Week 8: The E-Lit

I think it is interesting, from reading everyone’s posts and talking in class, how much we differ in our experiences of the different E-Lit we’ve looked at. Β I wonder if expectations play a certain role in this: We may have no problem watching an hour 1/2 film in a movie theatre with no ability to pause or control volume etc. but some found the lack of control with “AH” distressing. Where as the lack of control I found more distressing with TWoG and Flight Paths. Why? Why was I bothered by TWoG and even Data Poetics but not “AH”? Are there discrepancies for anyone else in what E-Lit they instinctively liked and what they didn’t?

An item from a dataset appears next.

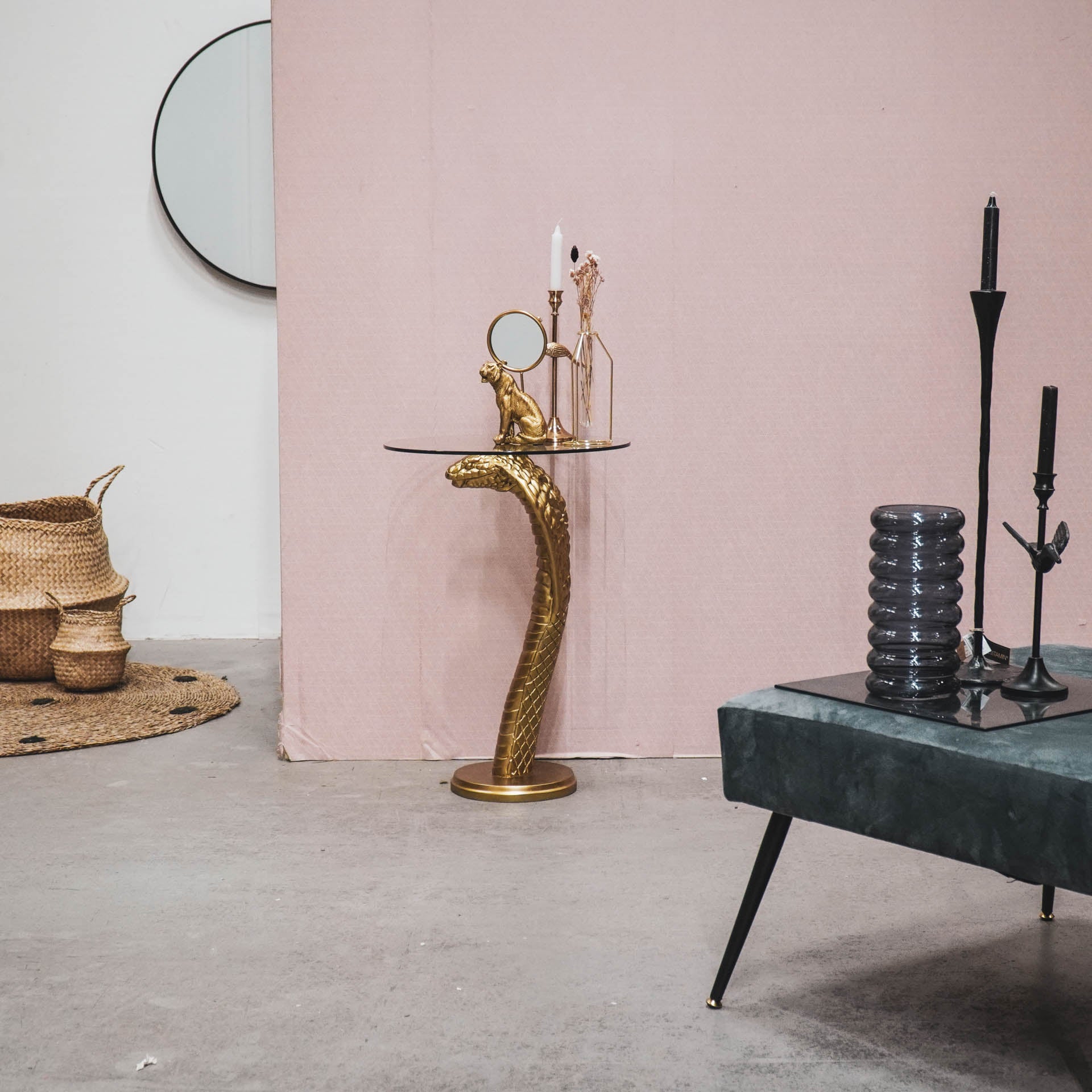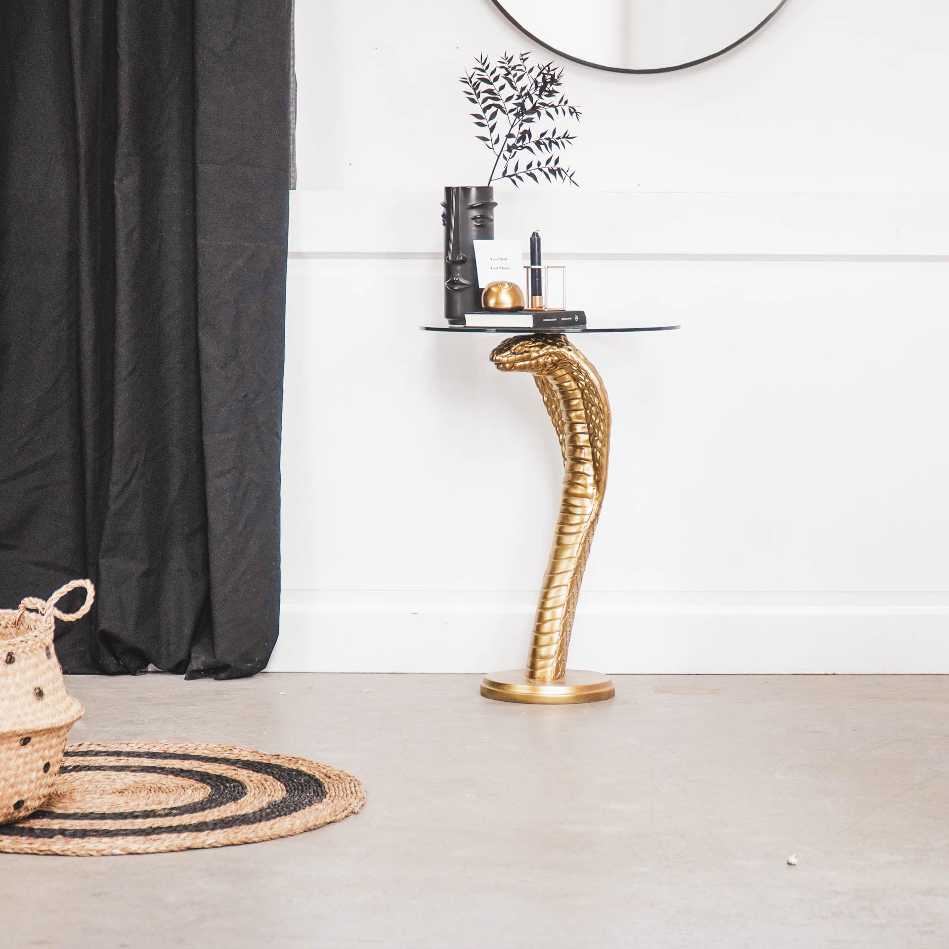 “Snakepit – Let him stylishly hold your drinks. Made of polyresin, 70x50cm. Doubles as a sidetable or showcase. Color: Gold.”

There’s an incredible difference in the amount of user input these items require and a lot of difference in the kinds of input they demand. Like TWoG, I almost immediately wanted out of Data Poetics. Β I think the amount of linearity may play a role in my interest: with linearity you know how to proceed–forward. I didn’t know what to do in Data Poetics. I did not trust its info, understand it, or its purpose: being on the site felt like being out in public in a very crowded place full of strangers, random voices shouting here and there, Β everything rushing by: my instinct in those cases? Leave.

“AH” does not ask me to do anything but read and listen. What is being read is also in sync with the sound (they do not conflate i.e. the words on screen say “A B C D” and there is no voice saying “1 2 3”–that would be confusing). Unlike a lot of people, I wasn’t in public trying to watch “AH”, I was very much in a case where I could give it my full undivided attention.

As for Pry… it seemed over-whelming. I didn’t quite understand whether the blurbs were trying to talk about a story or the gimmick of the app novella. But didn’t films start out gimmicky? I don’t have an iPad or anything like that so I can’t even work the platform. It feels like a sensory overload–irregular sudden sounds, hidden words, changing text, flashing images: If I wanted to trip I’d take a pill so no thanks…that or watch an amv.

A grammatical kind of question: When it comes to out E-Lit do we italicize or use quotes? TWoG is a collection so italics seems appropriate but what about “AH”? Is it short enough to be a…poem? A monologue? Or long enough to be like a film? Data Poetics?

One thought on “Week 8: The E-Lit

  1. Very interesting analysis of your own responses to several of the texts.

    As far as the formatting of the titles goes, it’s really a matter of judgement. The general rule is that you put in quotations marks a piece that was published as part of a larger piece; examples include a chapter in a book or a poem from a magazine or collection. However, if a piece was published independently, you would generally italicize it. I agree that TWoG seems to call for italics whereas AH seems to have a less separate status. I’d give Pry italics even though a novella would often take quotation marks, simply because it is an app.